Allerdings wurde für Patientinnen mit rheumatoider Arthritis gezeigt, dass die Prognose eines Mammakarzinoms deutlich schlechter ist und mit erhöhter Mortalität einhergeht [3]. Daraus ergibt sich, dass eine effektive Screeningstrategie für diese Patientinnen besonders wichtig ist.
Das Immunsystem spielt bei der Tumorkontrolle eine bedeutende Rolle
Für die meisten gynäkologischen Tumoren existieren Hinweise, dass das Immunsystem bei der Tumorkontrolle eine bedeutende Rolle spielt. Welchen Einfluss immunsuppressive Medikamente oder Biologika-DMARDs („disease modifying antirheumatic drugs“) in diesem Prozess haben, ist schwer zu analysieren und nicht abschließend geklärt.

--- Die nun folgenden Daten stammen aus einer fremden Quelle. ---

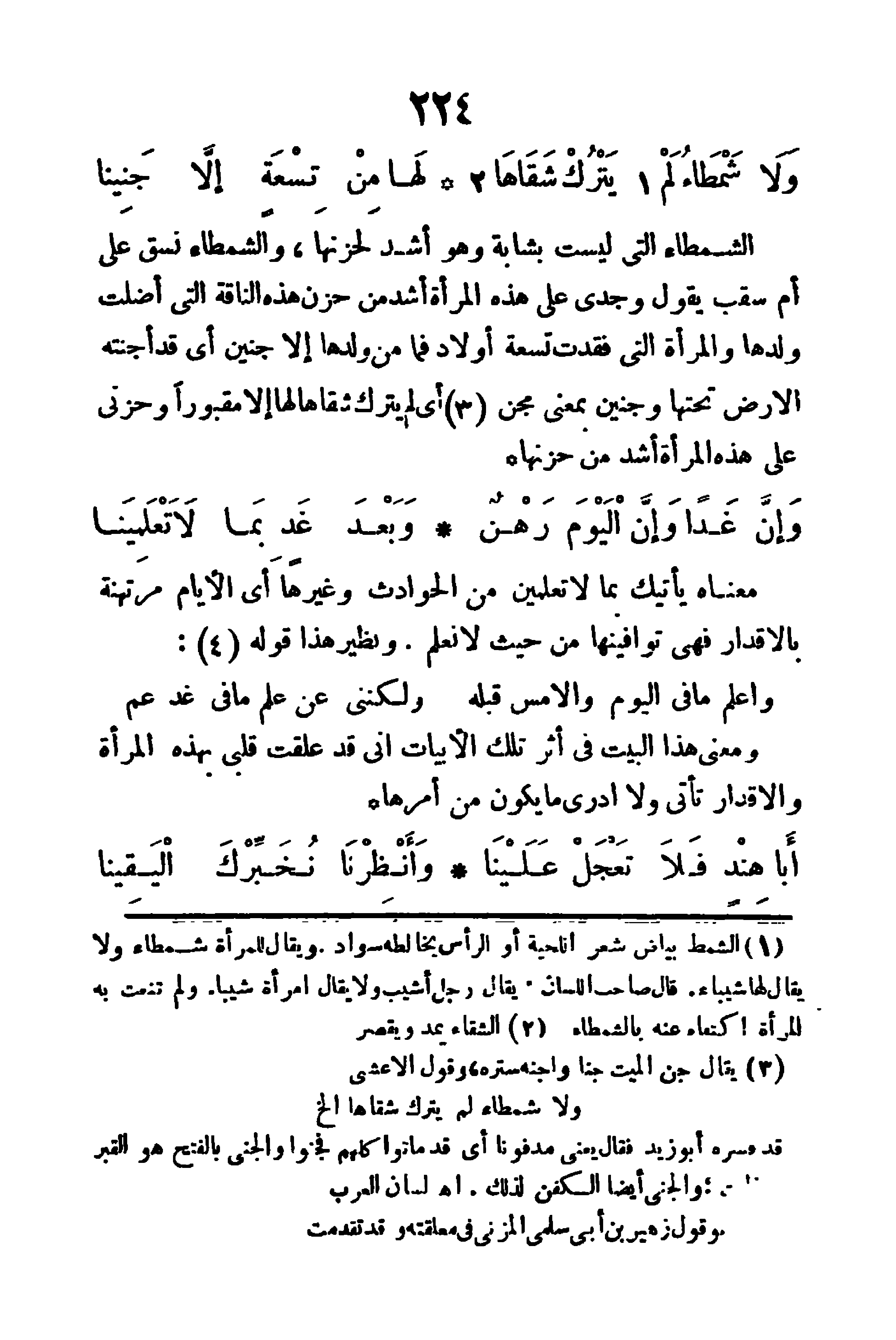 (ولاَ شَمْطَاءُ لَمْ يَتْرُكْ شَقَاهَا ... لَهَا مِنْ تِسْعَةٍ إِلاّ جَنِينَا)

Aufgrund ihrer Häufigkeit werden in diesem Artikel das Mammakarzinom, das Zervixkarzinom und das Ovarialkarzinom behandelt. Das Endometriumkarzinom sowie das Vulva- und das Vaginalkarzinom finden keine Erwähnung.
Hintergrund
Mammakarzinom
In den letzten Jahren hat sich herauskristallisiert, dass auch beim Mammakarzinom – dem häufigsten Malignom der Frau – eine Immunabhängigkeit nachzuweisen ist, die für neue therapeutische Optionen genutzt werden kann. So gibt es beim metastasierten triple-negativen Mammakarzinom erste vielversprechende Ergebnisse zur Therapie der Erkrankung mit Immuncheckpoint-Inhibitoren wie Pembrolizumab (PD1-Blockade) [4].
Kato et al. [5] haben am Beispiel der Nierentransplantation, die in der Regel im Vergleich zu Autoimmunerkrankungen eine intensivere Immunsuppression beinhaltet, die Situation im Hinblick auf das Mammakarzinom in einer aktuellen Arbeit beleuchtet. Mammakarzinome treten bei diesen Patientinnen nicht nur häufiger auf, sondern zeichnen sich auch oft durch ein aggressiveres Verhalten aus.
Zervixkarzinom
Das Zervixkarzinom gilt als der dritthäufigste genitale Tumor einer Frau in Deutschland. Glücklicherweise sinken bei diesem Tumor die Inzidenzen aufgrund einer effektiven Vorsorge und der Möglichkeit zur Vakzinierung gegen auslösende humane Papillomaviren (HPV). Die Impfung soll dabei die Entwicklung ausgehend von einer Infektion mit HPV über eine Vorstufe bis hin zum invasiven Karzinom verhindern.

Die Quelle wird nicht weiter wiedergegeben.